§ **WHAT THIS TASK INVOLVES**: Reproduce only what runs from the line containing "İzmir’de 4 gün" to the line containing "Gouden oorijzer met" in the records below, inclusive. Keep it exact, and keep the pictures out.

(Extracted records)
────────────────────

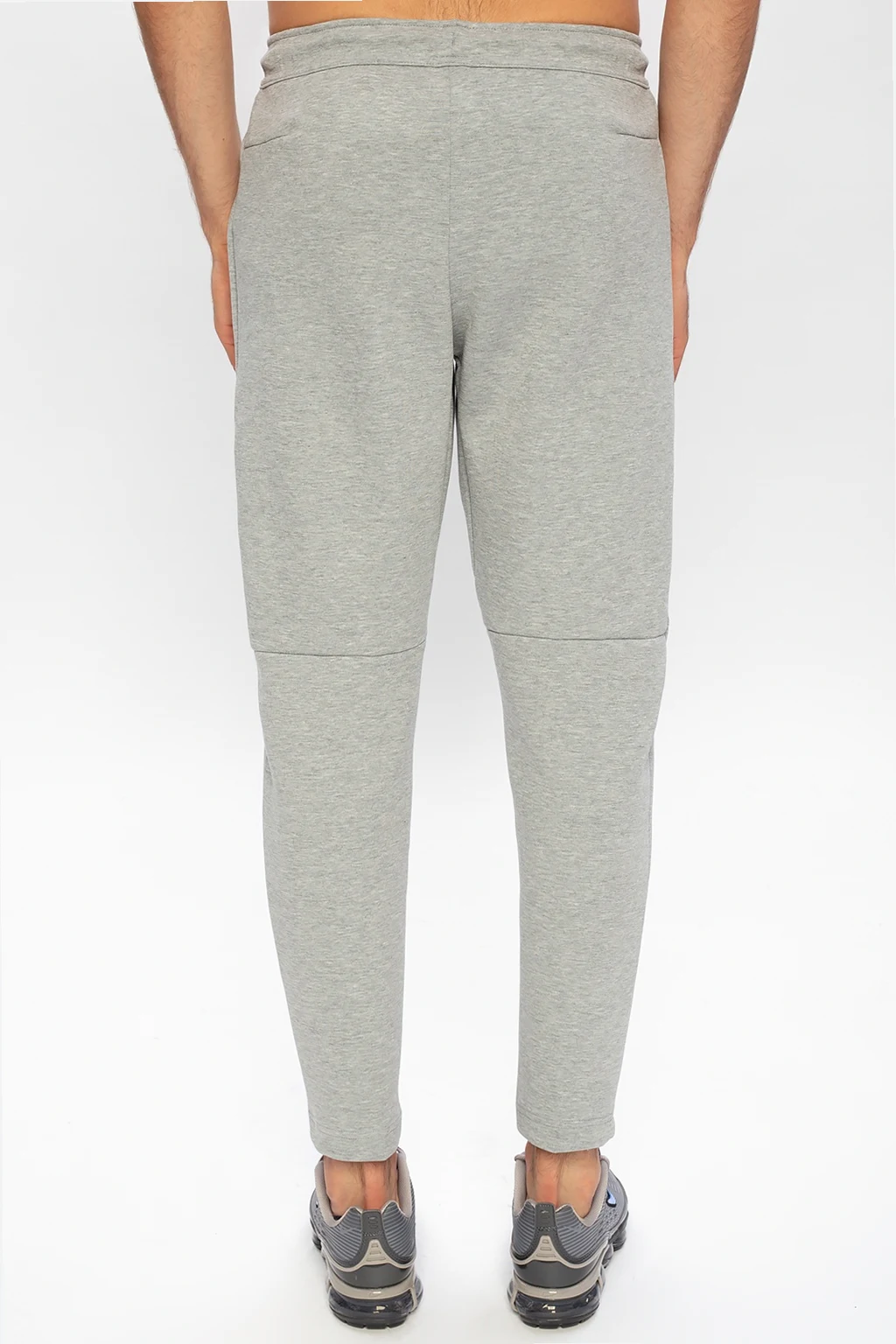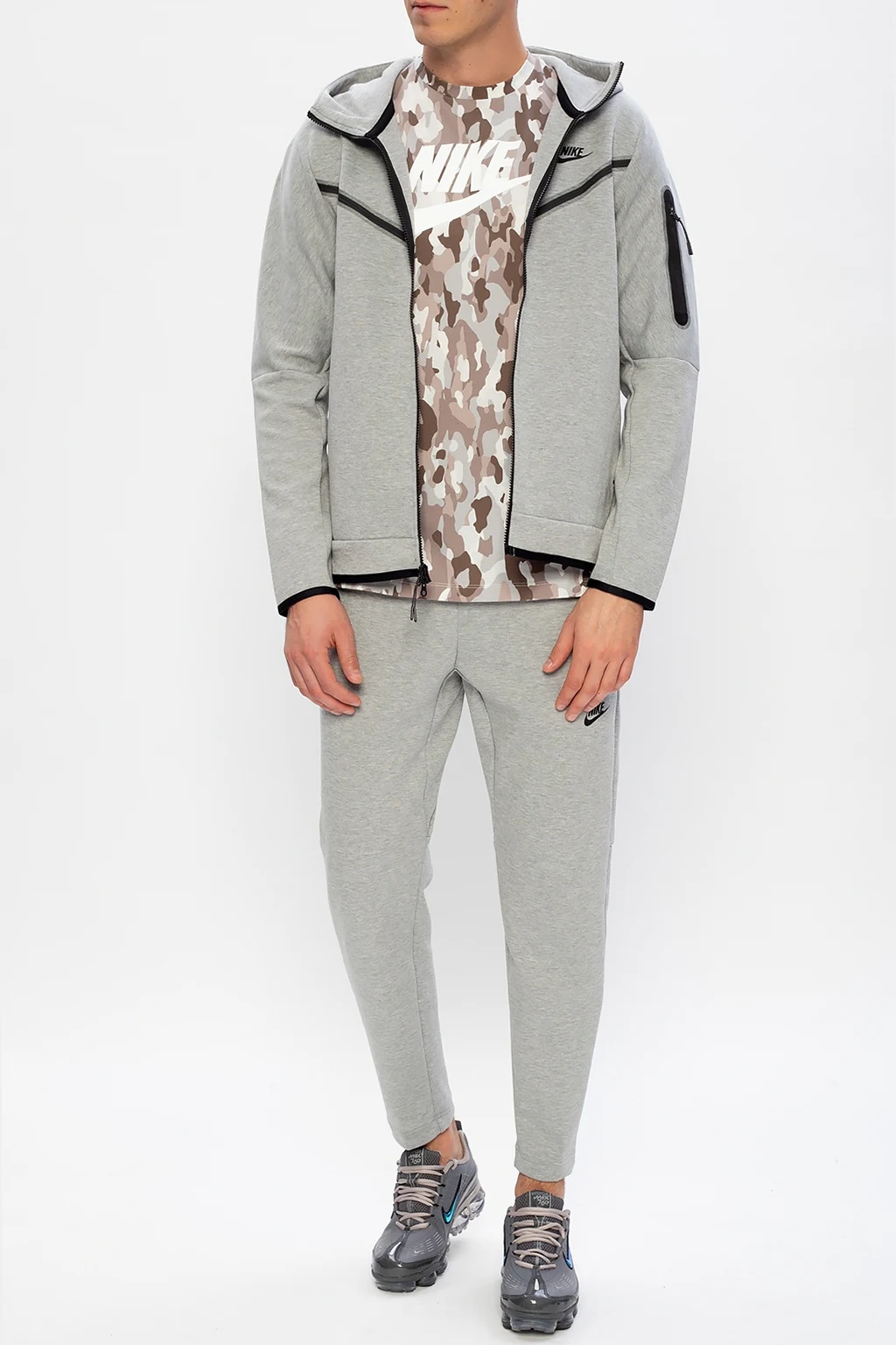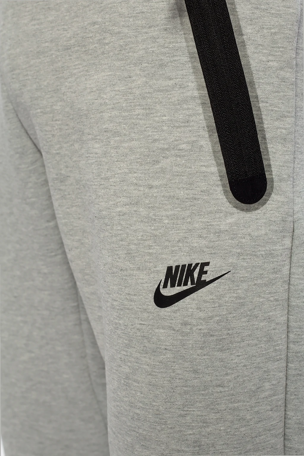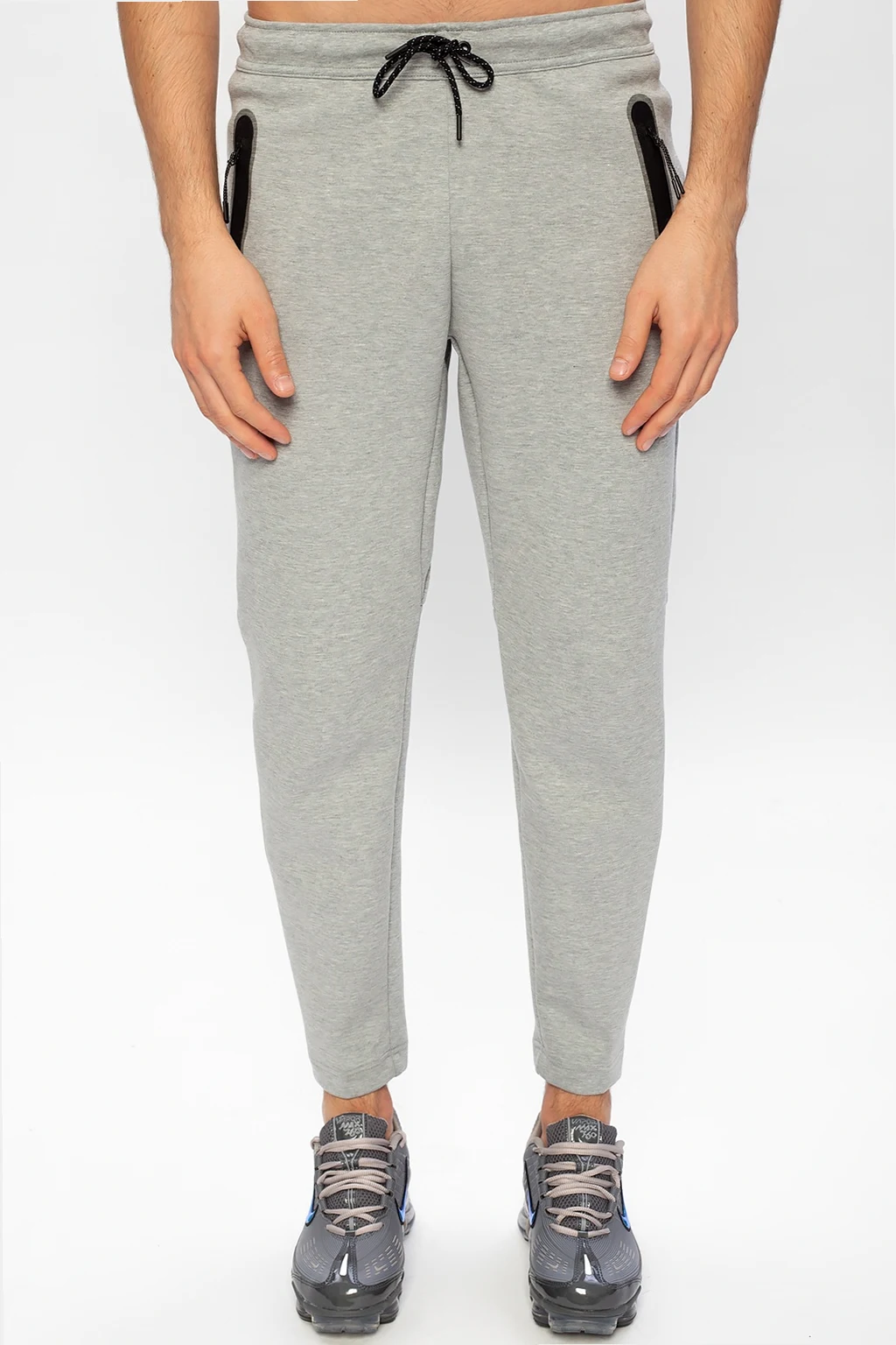 Szare spodnie dresowe Nike. W pasie ściągane trokami. Nadruk z logo w kolorze czarnym. Dwie kieszenie zapinane na zamki. Zwężane nogawki.
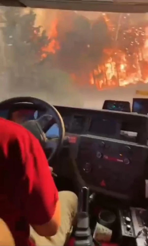 İzmir’de 4 gün önce Aliağa ilçesinde çıkan ve Foça’ya doğru genişleyen orman yangınında, Orman İşletme Müdürlüğü’ne ait bir arazözün alevlerin arasında kaldığı panik anları ortaya çıktı. Ekip, arazöz şoförü Talip Terim’in soğukkanlılığı sayesinde kurtuldu.
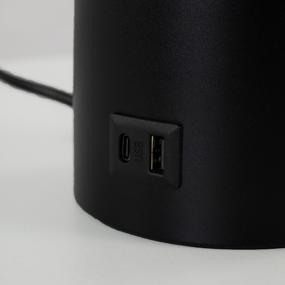 Deze functionele tafellamp met maar liefst 3 oplaadpunten is de ideale toevoeging aan uw kantoor of woonkamer. Het strake design wordt versterkt door de mat zwarte kleur, wat hem perfect maakt voor een moderne sfeer. Boven op de kap zit een wireless charging plaatje waar u de telefoon op kunt leggen om deze op te laden. Ook zitten er op de voet van de lamp een USB-A en een USB-C aansluiting. De tafellamp is voorzien van geïntegreerd LED dat dimbaar is middels de dimmer op de amatuur. Door de knop langere tijd ingedrukt te houden kan de LED lamp harder of zachter worden gezet.
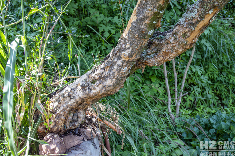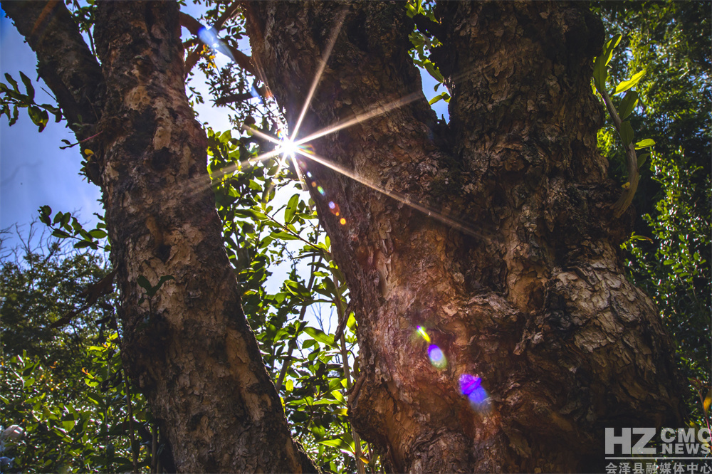 会泽盐水有300多年的种植历史,那么,现存最古老的盐水石榴树有多少岁呢?带着这样的疑问,颜德洲带领我们来到了一个距发基卡村委办公房500米左右的小沟里。在两棵老石榴树下,颜德洲停下脚步。“这两棵老石榴树自我爷爷那一辈就开始种下了,据今已有100多年的历史,我们叫‘糯石榴’树,两棵石榴树所结的果实具有皮薄肉大籽小的特点。”颜德洲介绍道。
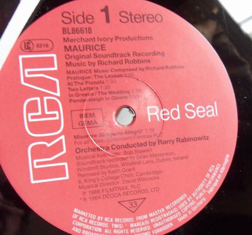 Original motion picture soundtrack of the Ismail Merchant/James Ivory production called "Maurice". A6 originally released in 1964.
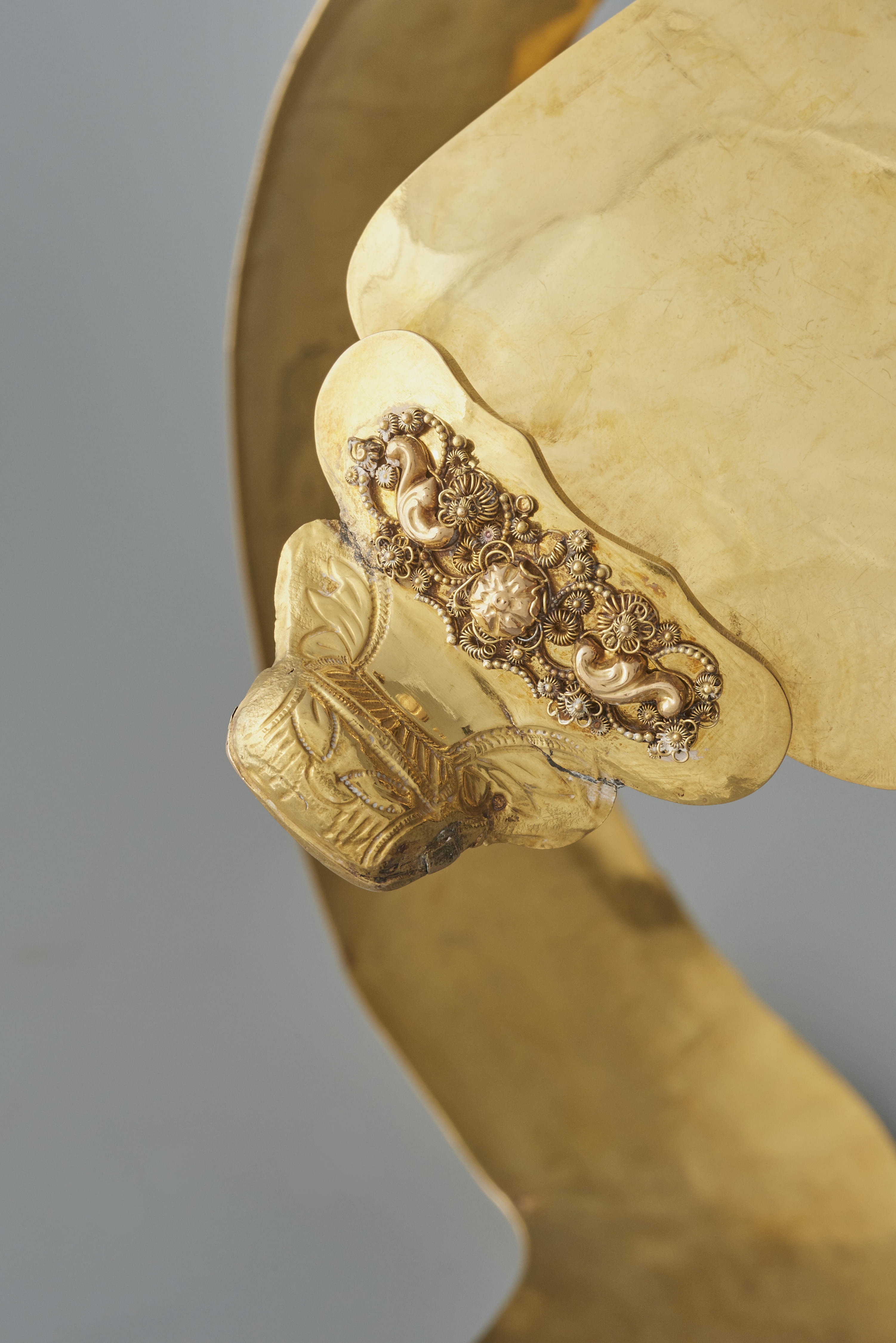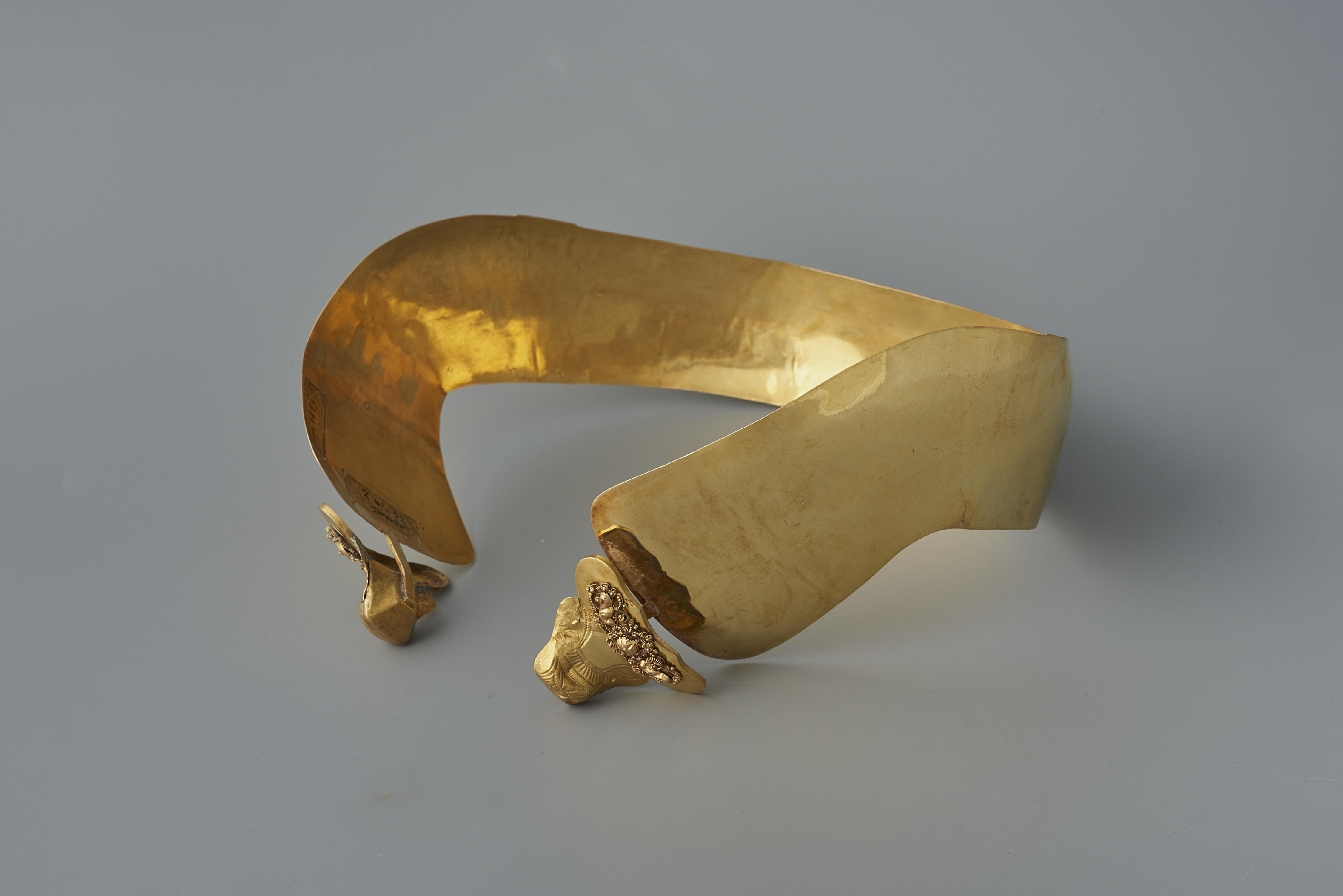 Gouden oorijzer met zogenaamde 'koeiekoppen' aan de uiteinden. Deze koeiekoppen zijn geponst en vervolgens versierd met filigreinwerk. Het oorijzer is in 1859 in Meppel gemaakt door Arjen Sweering. Het is vermoedelijk gedragen in de omgeving van Ruinerwold, Zuidwest-Drenthe.
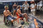Бразильский капитан, таитянская француженка-ныряльщица и чешская капитанская дочка. А еще Жюль Верн, мечта и Тайна Тихого океана. Посиделки у костра до утра Были мы, как будто брат и сестра. А расстались так беспечно легко. — Далеко ли ты живешь? Далеко. (Юрий Зыков) Где самая сильная концентрация колоритных персонажей и историй? В международных альпинистских и туристических лагерях и на якорных стоянках далеко от Европы. Наш костер горел на забытом богом восточном берегу Фату-Хива. Я могу по пальцам пересчитать дни, когда мы сиживали у костра в компании с друзьями-знакомыми. Истории их жизни, как экзотические цветы, вплетаются в канву нашего плавания. На архипелаге Лас Перлас мы пекли рыбку с русским авиаинженером, обслуживающим вертолеты правительства Колумбии. На острове Тобаго пели у костра с семьей шведского писателя и французскими циркачами. А на Фату Хива вечеряем в заброшенной туземной деревне с Сантьяго, Кристиной и Вайолетт. ,,,,,,,,,,,..,,,,..,,,.,,,..,,,,,..,,,,,.,,,, ,.,,,,,,.,,,,,,,.,,,,,.,,,,,..,,,,,,,,,,,,,,,,,,, ,,,,,,,,,,, ..,, ,,..,, ,.,,,..,,, ,,..,,,,,.,,,,,.,,, ,,,.,,,,,,,.,,,,,.,, ,,,..,,,,,,,,,,,,,,,,,,, Кристина, 22 года, Чехия Кристина родом из Карловых Варов. 14 лет назад ее отец ушел в океан на на яхте. Мама не поддержала сей проект. А вот Кристина пару лет назад решила пожить с папой. 20-летняя капитанская дочь быстро освоила нехитрый яхтенный быт и научилась управляться с романтикой парусов. А через полгода захотела самостоятельности. Дело было в Панаме, на архипелаге Сан Блас. Она ушла работать на чартерную яхту, где через год повстречала горячего парня Сантьяго. — Мы вместе 5 месяцев, что будет дальше увидим, — говорит Кристина по-английски. С Тьяго она переходит на испанский, с Ладой немного говорит по-русски и учит ее чешским словам, а с Вайолетт старается правильно выговаривать французские предложения. ,,,,,,,,,,,..,,,,..,,,.,,,..,,,,,..,,,,,.,,,, ,.,,,,,,.,,,,,,,.,,,,,.,,,,,..,,,,,,,,,,,,,,,,,,, ,,,,,,,,,,, ..,, ,,..,, ,.,,,..,,, ,,..,,,,,.,,,,,.,,, ,,,.,,,,,,,.,,,,,.,, ,,,..,,,,,,,,,,,,,,,,,,, (Сан)Тьяго. Утром длинноволосый бразилец с фигурой Маугли выходит к океанскому прибою сделать несколько асан из йоги. Скручивает непослушные кудри в хвост и встает в горку Едва окончив школу, Тьяго как-то быстро смекнул, что в Энштейны его не тянет, а тянет к приключениям. Уронив скупую слезу на родную землю, он развернулся к Бразилии хвостом самолета и оказался где-то на атлантическом европейском берегу в обнимку с серфом. Учил скользить на волне юниоров и взрослых, окончил курсы фри-дайвинга, чтобы не загнуться на больших вонах, как-то справил итальянский паспорт и особо не парился. Семьи нет, философские книги не читал, да и вообще как-то не читал, зато был открыт всему новому. — А чего ты все серфишь да серфишь? — спросили его ребята. — Давай лучше в яхтинг, на серфе далеко не уедешь. И Тьяго без сожаления отложил серф и пошел по берегу, заглядывая в каждую лодку с вопросом: — Вам, случайно, матрос не нужен? А то я с морем на ты. Так Тьяго оказался на весьма крутой моторной яхте. Лет пять матросничал и капитанствовал по Европе, а потом вложил накопленное в симпатичный 39-футовый кэч с говорящим названием Good Run и махнул на нем в самое голубое в мире Карибское море. Среди коралловых рифов Сан Бласа их с Кристиной и накрыла любовь. Да так удачно, что они решили перейти Тихий океан. ,,,,,,,,,,,..,,,,..,,,.,,,..,,,,,..,,,,,.,,,, ,.,,,,,,.,,,,,,,.,,,,,.,,,,,..,,,,,,,,,,,,,,,,,,, ,,,,,,,,,,, ..,, ,,..,, ,.,,,..,,, ,,..,,,,,.,,,,,.,,, ,,,.,,,,,,,.,,,,,.,, ,,,..,,,,,,,,,,,,,,,,,,, Вайолет

────────────────────

§ **EXPECTED ANSWER**:
 İzmir’de 4 gün önce Aliağa ilçesinde çıkan ve Foça’ya doğru genişleyen orman yangınında, Orman İşletme Müdürlüğü’ne ait bir arazözün alevlerin arasında kaldığı panik anları ortaya çıktı. Ekip, arazöz şoförü Talip Terim’in soğukkanlılığı sayesinde kurtuldu.
 Deze functionele tafellamp met maar liefst 3 oplaadpunten is de ideale toevoeging aan uw kantoor of woonkamer. Het strake design wordt versterkt door de mat zwarte kleur, wat hem perfect maakt voor een moderne sfeer. Boven op de kap zit een wireless charging plaatje waar u de telefoon op kunt leggen om deze op te laden. Ook zitten er op de voet van de lamp een USB-A en een USB-C aansluiting. De tafellamp is voorzien van geïntegreerd LED dat dimbaar is middels de dimmer op de amatuur. Door de knop langere tijd ingedrukt te houden kan de LED lamp harder of zachter worden gezet.
 会泽盐水有300多年的种植历史,那么,现存最古老的盐水石榴树有多少岁呢?带着这样的疑问,颜德洲带领我们来到了一个距发基卡村委办公房500米左右的小沟里。在两棵老石榴树下,颜德洲停下脚步。“这两棵老石榴树自我爷爷那一辈就开始种下了,据今已有100多年的历史,我们叫‘糯石榴’树,两棵石榴树所结的果实具有皮薄肉大籽小的特点。”颜德洲介绍道。
 Original motion picture soundtrack of the Ismail Merchant/James Ivory production called "Maurice". A6 originally released in 1964.
 Gouden oorijzer met zogenaamde 'koeiekoppen' aan de uiteinden. Deze koeiekoppen zijn geponst en vervolgens versierd met filigreinwerk. Het oorijzer is in 1859 in Meppel gemaakt door Arjen Sweering. Het is vermoedelijk gedragen in de omgeving van Ruinerwold, Zuidwest-Drenthe.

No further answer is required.